PROMPT. Please transcribe only the lines between the one containing "Kit 30 Cabides" and the end of the records, both ends included, exactly as written; skip every picture.

BEGIN DATA LISTING

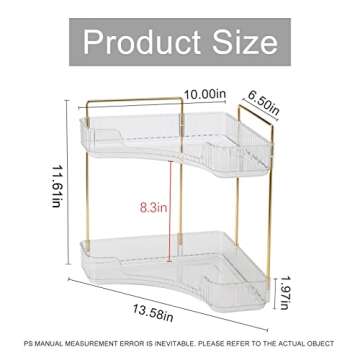 Show moreThe INVSSENE Corner Bathroom Countertop Organizer is your ideal solution for transforming cluttered countertops into beautifully organized spaces. Designed with elegance in mind, this vanity tray not only facilitates efficient storage but also enhances the aesthetics of your room. Made from premium ABS plastic and adorned with a stylish gold steel bracket, this two-tiered organizer seamlessly fits into the corner of your countertop, effectively utilizing otherwise wasted space. At just a few minutes to assemble, the tool-free installation makes it accessible for everyone – no handyman skills are required!
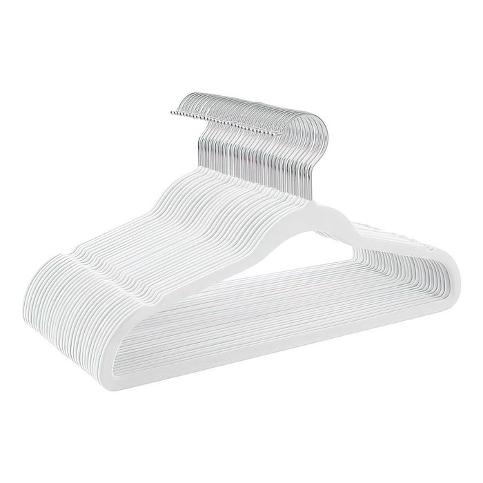 Kit 30 Cabides de Veludo Luxo Ultra Fino Antideslizante - Branco
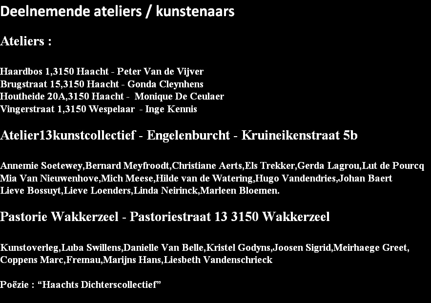 voor het publiek. Met Atelier in Beeld maakt de Kunststichting Perspektief vzw i.s.m. de Cultuurdienst Haacht niet alleen het
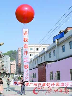 昨日上午,在廣從公路黃莊一帶,一中年男子買來一個紅色大氫氣球,升起條幅,意欲向包工頭追討3萬余元報酬。
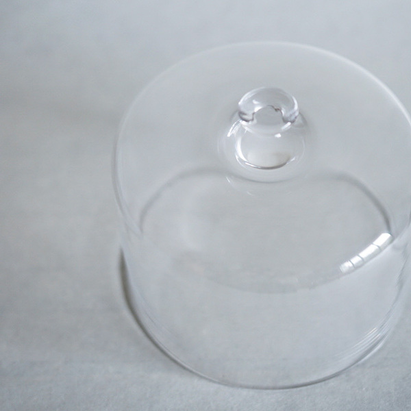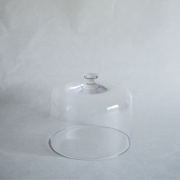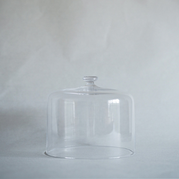 無色透明の硝子が中に入れたものを色鮮やかに美しく見せてくれます。 5号サイズ(直径15cm)のホールケーキが程よく収まります。またドライフラワーや貝殻など自然物などを収めてオブジェとしてお使いいただいても素敵です。
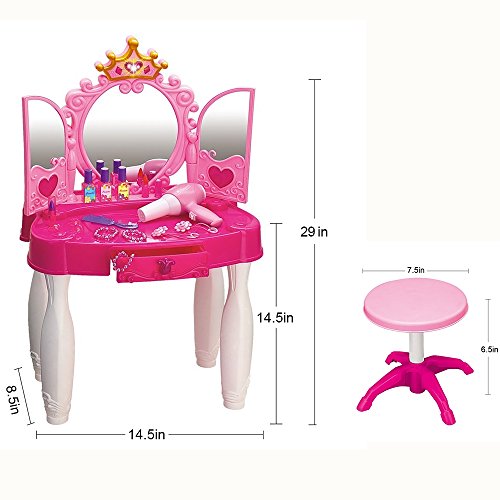 Beautiful vanity set with mirror and stool to sit on including jewelries, cosmetics, hair accessories, dresser table with mirror, stool, magic wand and working hair dryer. Dimensions of assembled vanity: 14.5(L) x 14.5(W) x 29(H) inches. Dimensions of bench: 7.5(L) x 8.5(W) x 6.5(H) inches
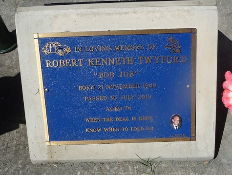 In Loving Memory ROBERT KENNETH TWYFORD “Bob Job” Born 21st Nov 1944 Passed 30th July 2019 Aged 74 When the deal is done, know when to fold arm Parents : Kempton Walter Twyford and Phyllis Jane nee Parr |

END DATA LISTING

TASK SOLUTION.
 Kit 30 Cabides de Veludo Luxo Ultra Fino Antideslizante - Branco
 voor het publiek. Met Atelier in Beeld maakt de Kunststichting Perspektief vzw i.s.m. de Cultuurdienst Haacht niet alleen het
 昨日上午,在廣從公路黃莊一帶,一中年男子買來一個紅色大氫氣球,升起條幅,意欲向包工頭追討3萬余元報酬。
 無色透明の硝子が中に入れたものを色鮮やかに美しく見せてくれます。 5号サイズ(直径15cm)のホールケーキが程よく収まります。またドライフラワーや貝殻など自然物などを収めてオブジェとしてお使いいただいても素敵です。
 Beautiful vanity set with mirror and stool to sit on including jewelries, cosmetics, hair accessories, dresser table with mirror, stool, magic wand and working hair dryer. Dimensions of assembled vanity: 14.5(L) x 14.5(W) x 29(H) inches. Dimensions of bench: 7.5(L) x 8.5(W) x 6.5(H) inches
 In Loving Memory ROBERT KENNETH TWYFORD “Bob Job” Born 21st Nov 1944 Passed 30th July 2019 Aged 74 When the deal is done, know when to fold arm Parents : Kempton Walter Twyford and Phyllis Jane nee Parr |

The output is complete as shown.